Bringing people together with words like ‘cousin’ allows people to identify with autistic people, without putting pressure on them to figure out instantly whether they are actually autistic or not. It allows people to acknowledge that most skills and difficulties autistic people experience are not totally unique to autistic people. It allows people to acknowledge the vast grey area that is both outside of standard definitions of autism, and outside of neurotypical, but that resembles autism in important ways. It allows people to acknowledge that the boundary between autistic and nonautistic is fuzzy at best.

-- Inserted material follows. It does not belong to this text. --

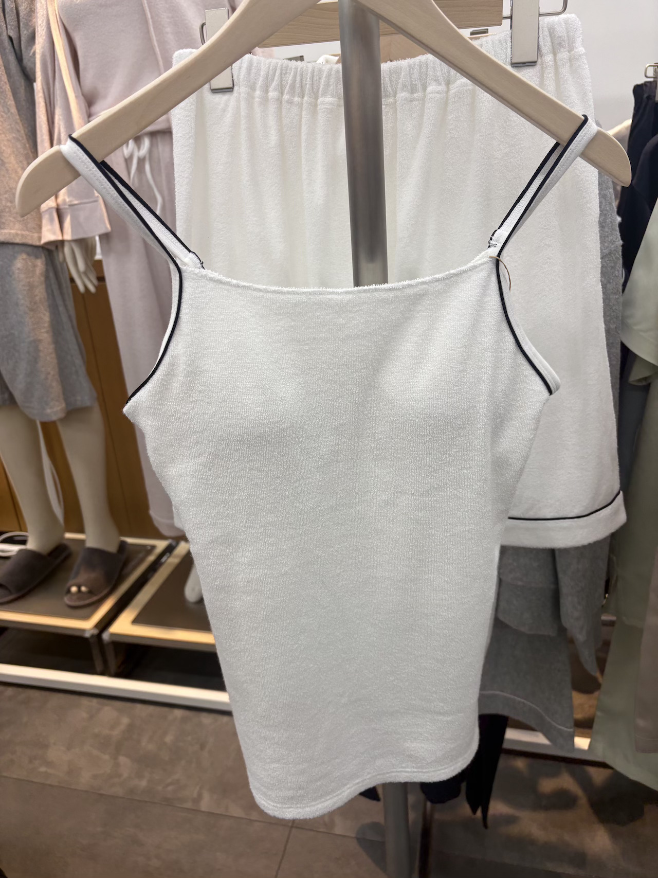 まるでタオルに包まれているかのような…♡ 着心地抜群の両面パイル仕様のキャミソール。こちらはリラックスウェア寄りのキャミソールです。こちらも細めのブラックでふちどりされているのがとてもかわいい。締め付けが全然ないので、リラックスしたいお家デーにおすすめ。
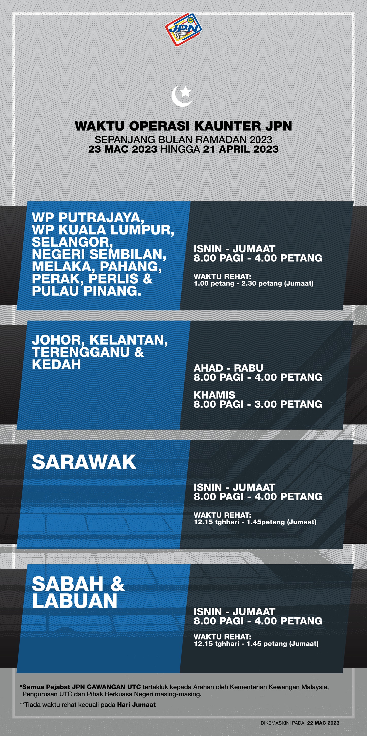 JPN在斋戒月期间调整办公时间 三月 22, 2023 配合斋戒月的到来,JPN调整了开放时间。如果你计划要在这段时间前往JPN办理事务,那你就要特别留意了。根据国民登记局(JPN)所发出的消息,西马和东马所有JPN分行的开放时间将调整成早上8点至下午4点,中午没有午休,除了星期五。西马JPN分行星期五的午休时间是中午1点至下午2点30分,东马JPN分行星期五的午休时间是中午12点15分至下午1点45分。ADVERTISEMENT 至于城市转型中心(UTC)jPN服务柜台的办公时间还需依据大马财政部、UTC管理层和各个州属所颁发的指示。 这项办公时间的有效期是2023年3月23日至4月21日。 Tags 斋戒月 jpn

And it does all that while contributing to people understanding more about themselves and each other, and bringing people together into friendships, communities, and other relationships they might not otherwise have.
So I really believe that it would not only be a good thing to remember the word ‘cousin’ and what it used to mean, but to revive it and expand its use for more than just autistic people. It allows for so much more flexibility than people are currently given about a lot of different identity groups, and that’s important. So if you like the idea of cousins, by all means, use it and adapt it as much as you want, for whatever groups of people in your own life you think it would best apply to.
1 For the purposes of this article, ‘the autistic community’ refers to relatively mainstream online self-advocacy and sociial communities made up mostly of autistic people. There’s a lot of different autistic communities out there, both recognized and unrecognized, online and offline.
2 The newsletter of Autism Network International.
3 Actually, come to think of it, I’ve heard of exactly one person who didn’t like her. It was a self-loathing person with autism who said they were embarrassed by her. That’s an unfortunate but common reaction that those of us who are visibly “different” get from other people who want to forget their own difference, and who find that we remind them too much of parts of themselves they’d rather forget. But for someone as social as Xenia, to have heard of only one person who disliked her for her unusual mannerisms and reactions to the world is a testament to her extremely friendly personality. Ordinarily, if I mention Xenia to anyone who’s met her, they sort of light up inside just remembering her. I don’t think it’s coincidence that someone that friendly is the one who thought up the concept of a ‘cousin’.